Re: Scala Meeting report, 2009-11-10

On Thu, Nov 12, 2009 at 2:54 AM, Jorge Ortiz wrote:
> Regarding a Scala-specific version of hashCode, has a Hash[T] typeclass been
> considered? It could use the new context-bound feature, and might be better
> than a method on Any or Predef.
>
I think we want to maintain universal hashing, it's too much part of
the Java culture.
So I don't see a role for a Hash[T] class.

I believe hash should not be represented as a proper method of Any,
because of the risk that it conflicts with other methods or fields
named `hash' in user code. `hash' is quite a common name.

An advantage of using hash as a static method somewhere is that we can
use overloading to specialize for fast cases on known types.

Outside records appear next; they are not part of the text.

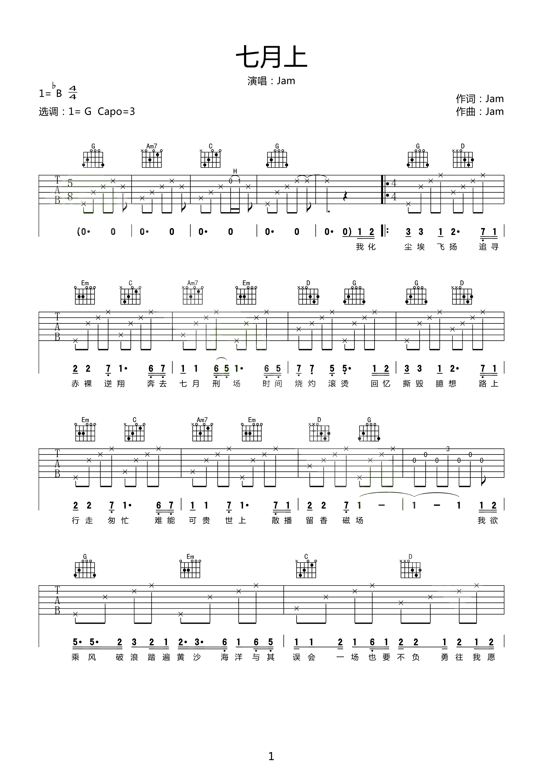 Jam《七月上》吉他谱_G调吉他弹唱谱...
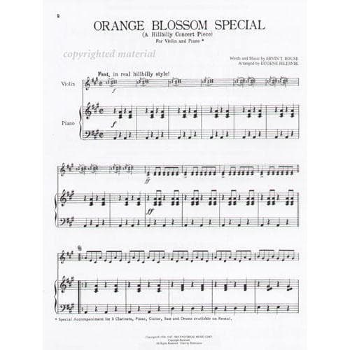 Rouse, Ervin - Orange Blossom Special - Violin and Piano - arranged by Eugene Jelesnik - Universal Music Publishing
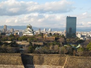 |  | 大阪に着きました。 ホテルの10階のお部屋の窓からは、正面に大阪城が見えました。 |
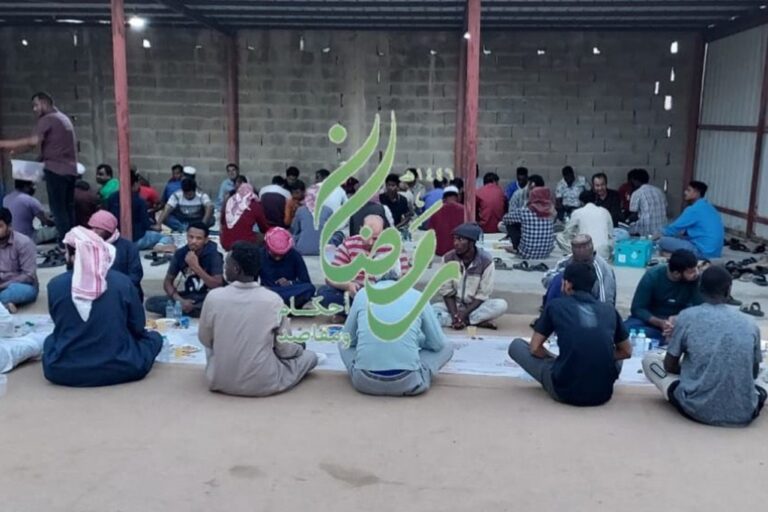 أقامت جمعية الدعوة و الإرشاد و توعية الجاليات بالهدار الزيارة في مشروع الإفطار الرمضاني للجاليات العربية و غير العربية لتوزيع الكتب و المصاحف العربية و المترجمة. المكان: مشروع إفطار صائمين في البلدية عدد المستفيدين:115
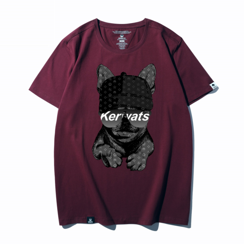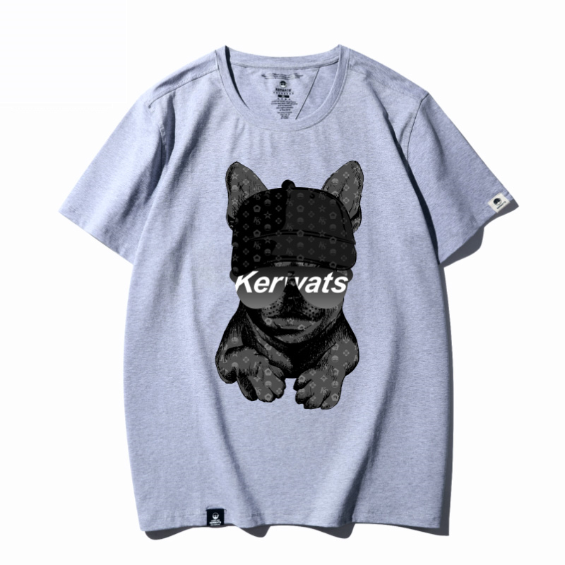 Tide brand dog head print short-sleeved T-shirt men's summer casual trend loose large size fat cotton couple half-sleeved ins
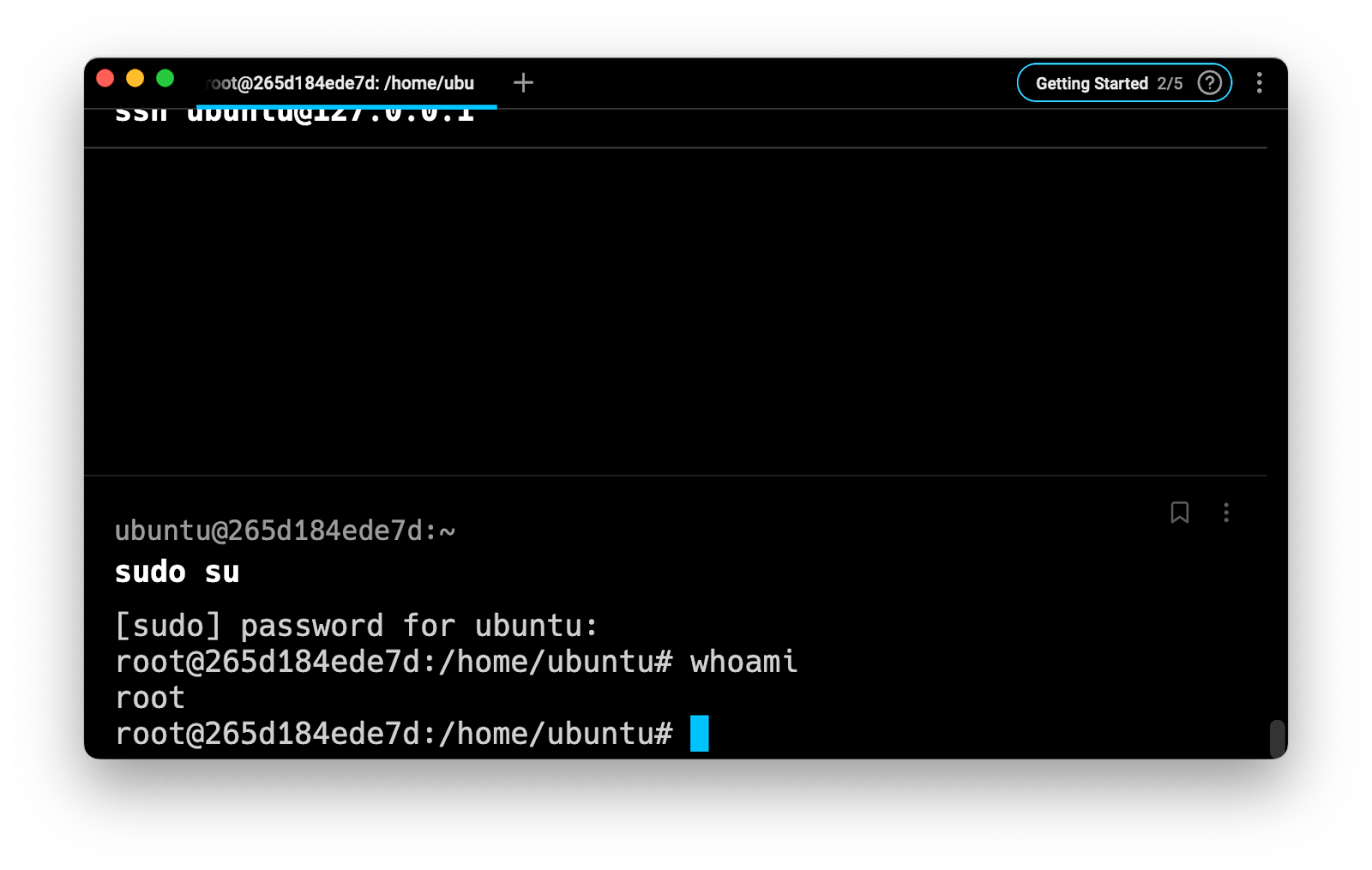 Once you’ve entered your password, you can confirm that you are logged in as the root user by using the whoami command that prints the effective user name of the current session.

We could also add hash in a `pimp my library' fashion to Any,
analogous to what's done with the String concatenation +. In fact, we
could add hash to StringAdd, probably after renaming StringAdd to
something more generic. Not quite sure it's worth it, yet.

So, the choices are:

1. put hash(x) in Predef, overload for speed

2. put hash(x) in a util object, say, scala.util.Hashing, and have it
be called from
a pimp-my-library method hash, so that x.hash would call
scala.util.Hashing.hash(x),
except if hash is already defined for x. In the latter case there
would always be the
fallback to scala.util.Hashing.hash(x), and that fallback could
also be used for speed.

In favor of (1) is that it's simpler. In favor of (2) is that it looks
slightly more natural to write
x.hash instead of hash(x), so you could do that if you do not care for speed.

I have a slight tendency to pick (1). What's your opinion?